November 25, 2024


Late this summer, film photographer Don Goodman-Wilson launched Crown + Flint, a smartphone app designed to be an analog photographers’ digital companion. Goodman-Wilson announced the app’s first major update, adding numerous requested features.

In Crown + Flint Release 2 (R2), available now on the Apple App Store and the Google Play Store, there is a massive rewriting of the app’s base code which improves reliability and sets the stage for future releases.

There are also numerous new features in the app now, including faster and more valuable auto-suggestions for equipment and film manufacturers. The app also has a revised frame skip feature, the ability to enter fractional film speeds (“You’re welcome, you freaky-deeky low-speed film lover, you,” writes Goodman-Wilson), an option to add a dedicated X-sync setting to user data for particular cameras, the ability to edit the camera and lens used to capture a photo, and a few other minor tweaks.

One of the most significant benefits of Crown + Flint R2 is that it provides the framework necessary for future major releases, including Release Three, Four, and Five, all of which are detailed in a new roadmap.

Crown + Flint

R3, dubbed “cold storage,” will allow users to keep much better track of their inventory of unexposed film rolls and boxes of sheet film, ensuring photographers know precisely what they have on hand and how long it has been in storage.

R4, “homecoming,” will put Crown + Flint on a smartphone’s home screen and lock screen, enabling users to add a new shot to their catalog quickly.

Rounding out the current roadmap is release five, “Filtered Reality,” which will add “first-class support for using filters during your shoot and managing your filter collection.”

Crown + Flint

Alongside the new update and development roadmap, Crown + Flint has announced the Open Film Database, “an open source, comprehensive, and definitive source of all data available for the widest possible range of still photography film stocks, whether in production or out of production.”

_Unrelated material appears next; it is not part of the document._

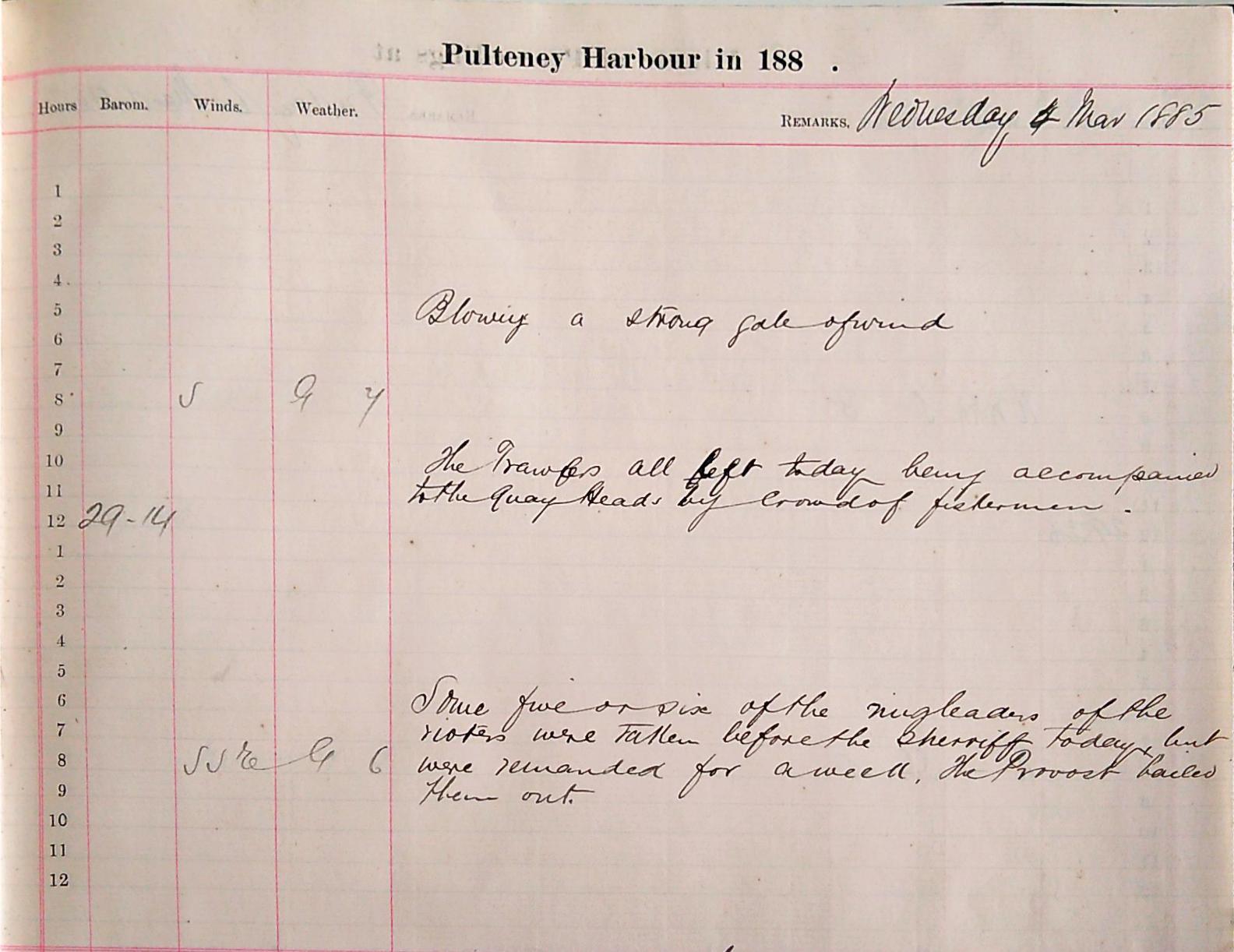 A ‘strong gale of wind’ is blowing on the 4th and all the trawlers leave the harbour ‘accompanied to the quay heads by crowds of fishermen’. Meanwhile ‘some five or six of the ringleaders of the riots were taken before the sheriff’ but were ‘remanded for a week, the Provost bailed them out’. On the 12th of March the John O’Groat Journal reported on ‘The Recent Attack on Trawlers at Wick’ saying that ‘before too hastily condemning’ the fishermen, that ‘the cause of all this outburst must be taken into consideration’. It seems even the local papers were on the side of the fishermen, some of whom received ’30 days in prison for their pains’[27].

The Crown + Flint team has seeded the database with everything they already know but admits there is still much work to be done. The team invites anyone to help fill in the gaps and contribute their knowledge to the open-source film database. The team hopes that the data will prove useful to analog photographers, whether they use Crown + Flint or not. The current data is available on GitLab and there is a Discord group for the open-source data.